The SC/MP looks like a rubbish CPU
Ooooh heresy :-) In its defence, decades on, this rubbish CPU is still guiding thousands of lifts ('elevators') up and down tall buildings and was ideal for small control operations having 5 bits on on-chip I/O. Nationals NIBL interpreter was a better implementation than many Tiny Basics, having a do-while construct, fixed program execution, indirection, I/O control, memory paging... it was (and is) a cheap and cheerful processor that hobbyists could afford to build and expand. I've built a few SC/MP systems and I like it!
Cheers
Phil
Bear in mind this was my opinion in 1976 or 77, looking at it as a machine to do general-purpose computing on, for example to target a Pascal (subset) compiler at. If you regard it as a replacement for random logic in an application where speed wasn't important then a different conclusion can be reached -- it looks pretty reasonable when compared with early PC or 8051, neither of which existed at the time.
Much the of ISA is very reasonable, even good. Being able to access +/- 127 bytes (or a calculated dynamic offset) from the PC or three other pointer registers with a single instruction is nice. The ability to write back the EA into the pointer register is nice. The "co-routine" nature of function calls is nice if you only need one level of call. Having 11 bytes of registers in a $25 CPU in 1976 is nice, vs 7 bytes in the 6502.
What isn't nice:
- being able to add an 8 bit offset to a pointer and have carries ripple from bit 7 up to bit 11, but not the remaining 4 bits is ... wtf? And the same for PC increment. That's completely needless penny-pinching, and the single biggest obstacle to running generic software. I suppose the justification is that if you only want to attach 4K (or less) of memory and not demultiplex the upper 4 address bits from the data bus then you can just assume that the top 4 bits are always zero because everything wraps. But ignoring them would work just as well. Or making sure your program didn't exceed the memory limits -- any program which does actually wrap almost certainly has a bug. The 6502 definitely wins here, even if the code to access at a known offset from a pointer is a byte bigger (but you can use a lot more pointers).
- the large amount of code needed to call a function at an absolute address, loading one byte at a time into the accumulator, swapping it with the hi or lo byte of a pointer register, save the old contents on the stack, then finally swap the pointer with PC. It's 11 bytes of code, on a machine with limited memory. The 6502 and Z80 use 3 bytes of code.
- very limited conditional branching.
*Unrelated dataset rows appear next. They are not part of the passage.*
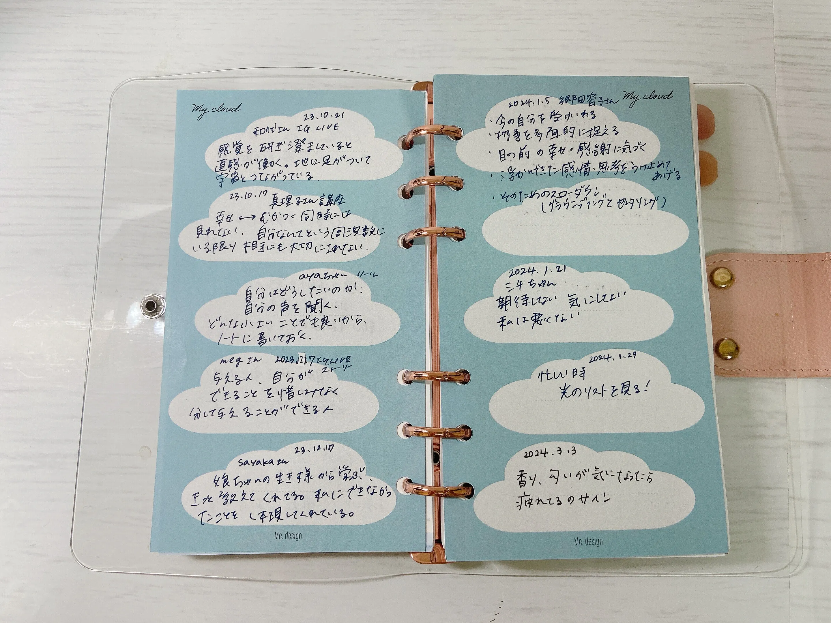 雲のページは、「疲れた」「しんどい」と思ったらここを見る!と決めています。見ると、気持ちが沈みすぎず、元気の素がつまっている!という安心感があります^^ 印象に残った言葉を書いていく中で、誰が言ったかも一緒に残すようにしています。そうすると、自分の周りにはこんなにも素敵な人がいる!と感じることができて、幸せだなぁと思えるんですよね^^
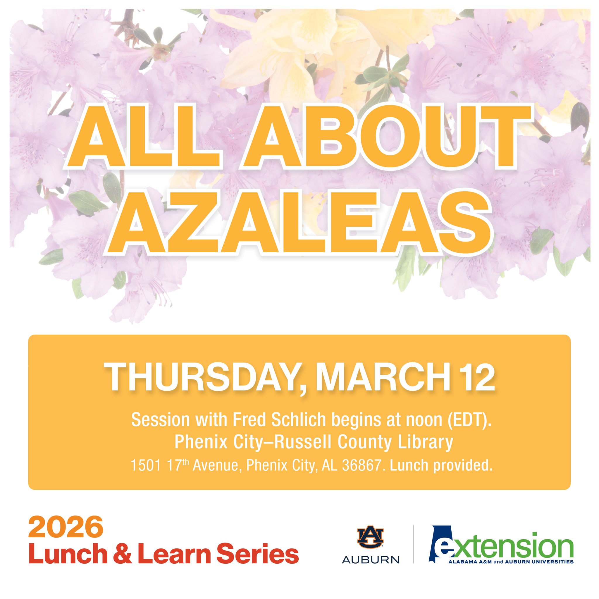 Today’s Lunch and Learn Series event presents “All About Azaleas”, with guest speaker Fred Schlich.
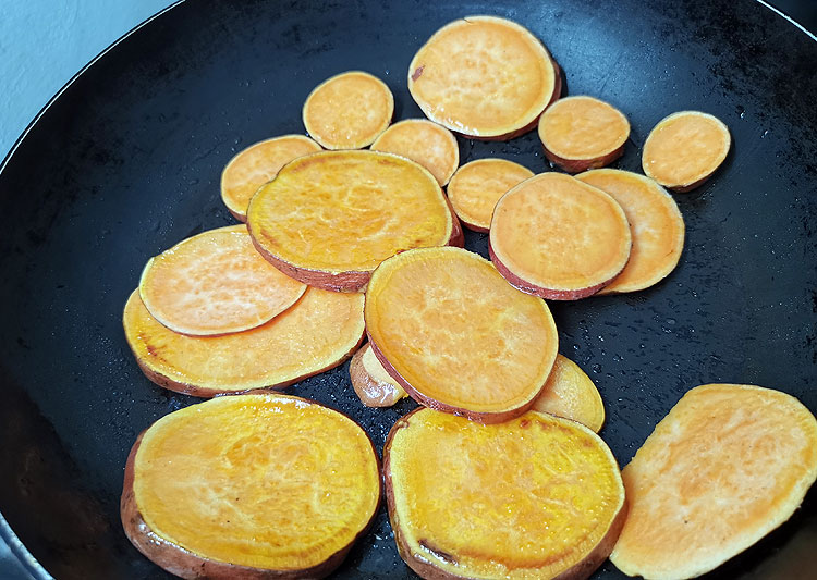 Если у вас хорошее антипригарное покрытие на сковороде, такое мясо можно пожарить без масла. Просто “в собственном соку”. Но у нас на посуточных квартирах сковородки таких фокусов не позволяли. Поэтому я выдумала такой способ. В сковородку налить кипятка, около полсантиметра глубиной. И мясо не то, чтобы жарить. Наверное, правильно это назвать “варить”. Но в таком – бурно кипящем кипятке.

No branch on negative (need to branch positive around an unconditional branch), and no branches on carry or overflow set or cleared. Those require transferring the status to the accumulator, anding a constant, then branch on zero/non-zero. Maybe those are uncommon operations, I don't know.
- complement and add. My gripe is really just about the name, as in reality it's exactly the same as the 6502's subtract (SBC) instruction. With both, you need to set carry/link before a subtract.
- just the general slowness. Instructions take typically 3 to 5 times more clock cycles than the 6502, and both run at 1 MHz. The z80 takes a similar number of clock cycles to the SC/MP, but it runs at a higher clock speed. That 11 byte 7 instruction function call sequence takes 79 clock cycles. The 6502 takes 6 clock cycles. The z80 takes 17 clock cycles.
Ok, controller applications often don't need much speed. 50k to 100k instructions per second is fine. And they often don't need a lot of generalized nested function calls.